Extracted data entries
=-=-=

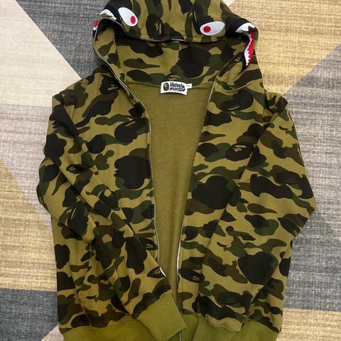 Selger denne godt men pent brukte Bape (a bathing ape) hettejakken med camo hette i str M. Kjøpt for rundt 6000,- og selges for 2000,- (pris kan diskuteres) Kan møtes/hentes eller sendes(:
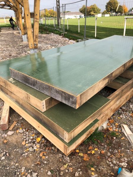 Panels for boxes with Unilin vapor barrier wall on the construction site of the locker room and Club House of Coincy in Aisne. © Jonas Tophoven
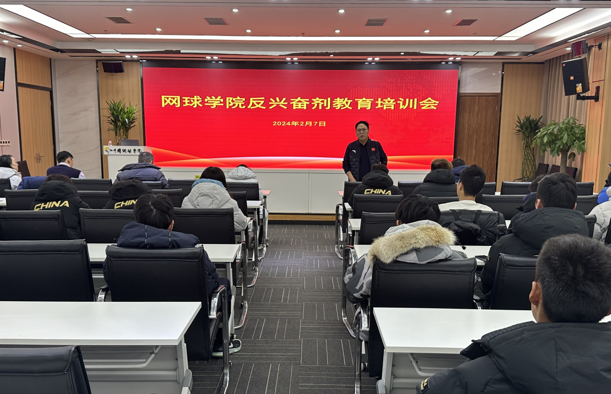 2024年2月7日上午,网球学院组织召开反兴奋剂教育培训会议,网球学院直属党支部书记唐存楼、全体教练员、运动员、管理干部参加会议。会议由唐存楼书记主持。
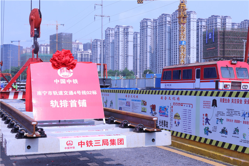 ▲南寧地鐵4號(hào)線鋪軌首排
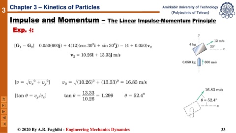 3 Chapter 3 – Kinetics of Particles Impulse and Momentum – The Linear Impulse-Momentum Principle Exp. 4: © 2020 By A.R. Faghihi - Engineering Mechanics Dynamics 33
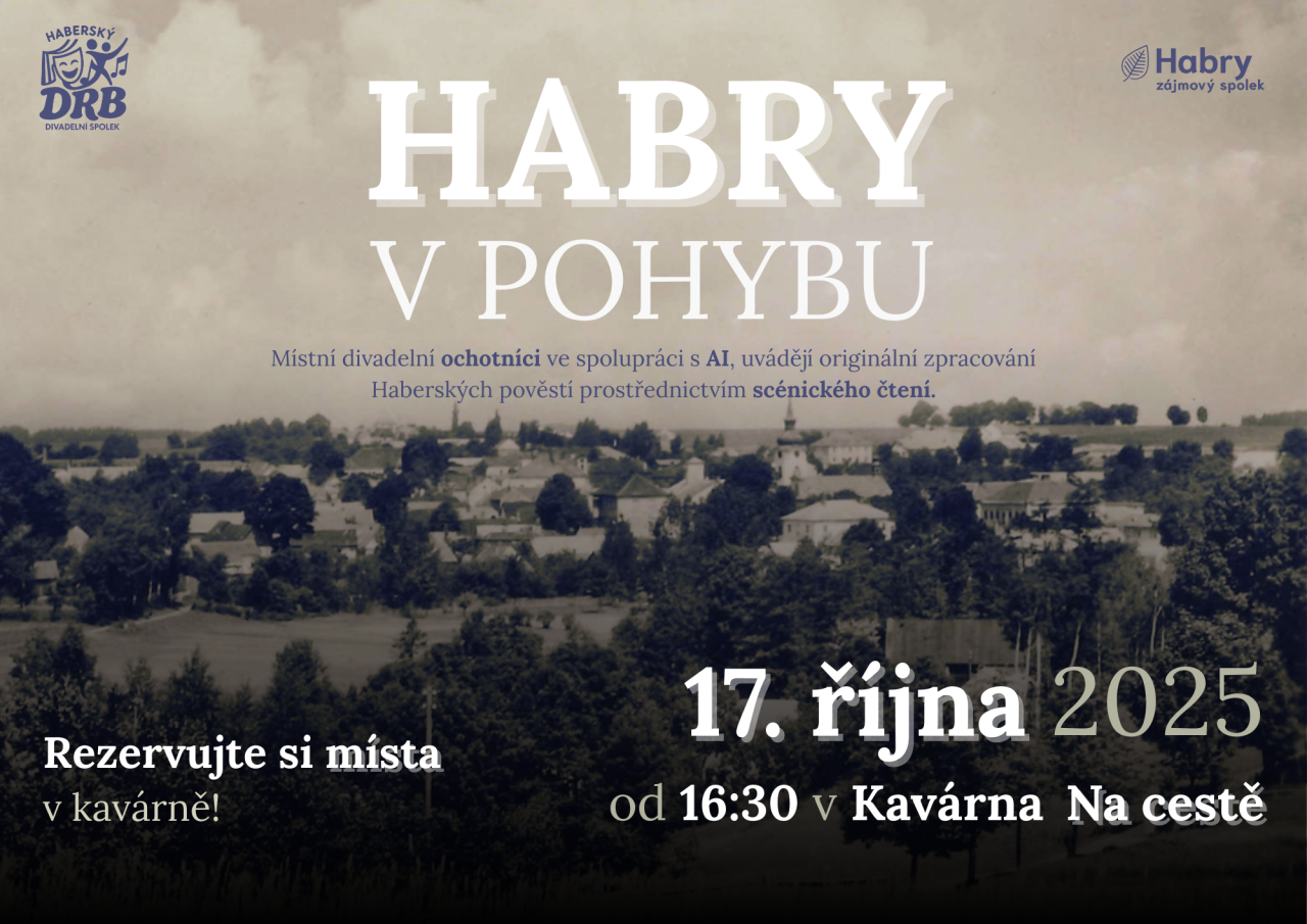Místní divadelní ochotníci ve spolupráci s umělou inteligencí uvádějí originální zpracování Haberských pověstí prostřednictvím scénického čtení. Přijďte si poslechnout místní příběhy a užít si atmosféru v Kavárně Na cestě.
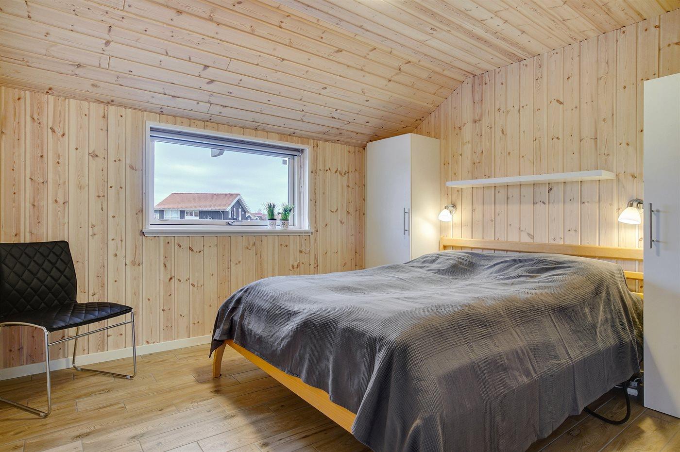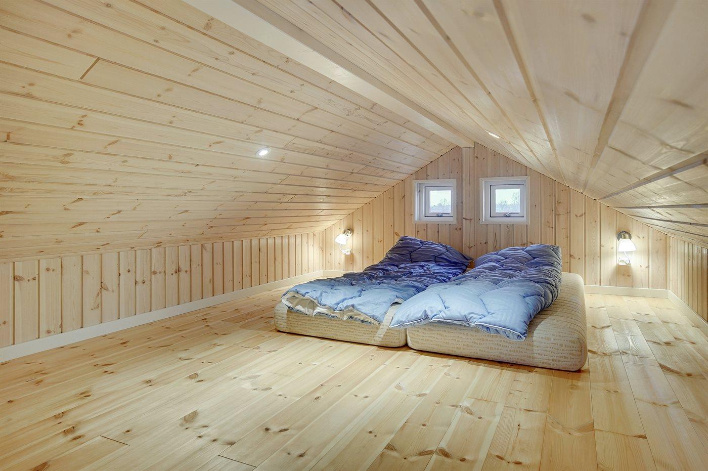 Der er i alt 3 soveværelser. Sovepladserne fordeler sig på: 6 sovepladser i dobbeltsenge. 2 sovepladser på madrasser. 2 af disse sovepladser befinder sig på husets hems.

=-=-=

**Aim of the exercise:** The range to transcribe runs from the line holding "Místní divadelní ochotníci" through the final line of the data above; copy it exactly and exclude the pictures.

**Solution to this task:**
Místní divadelní ochotníci ve spolupráci s umělou inteligencí uvádějí originální zpracování Haberských pověstí prostřednictvím scénického čtení. Přijďte si poslechnout místní příběhy a užít si atmosféru v Kavárně Na cestě.
 Der er i alt 3 soveværelser. Sovepladserne fordeler sig på: 6 sovepladser i dobbeltsenge. 2 sovepladser på madrasser. 2 af disse sovepladser befinder sig på husets hems.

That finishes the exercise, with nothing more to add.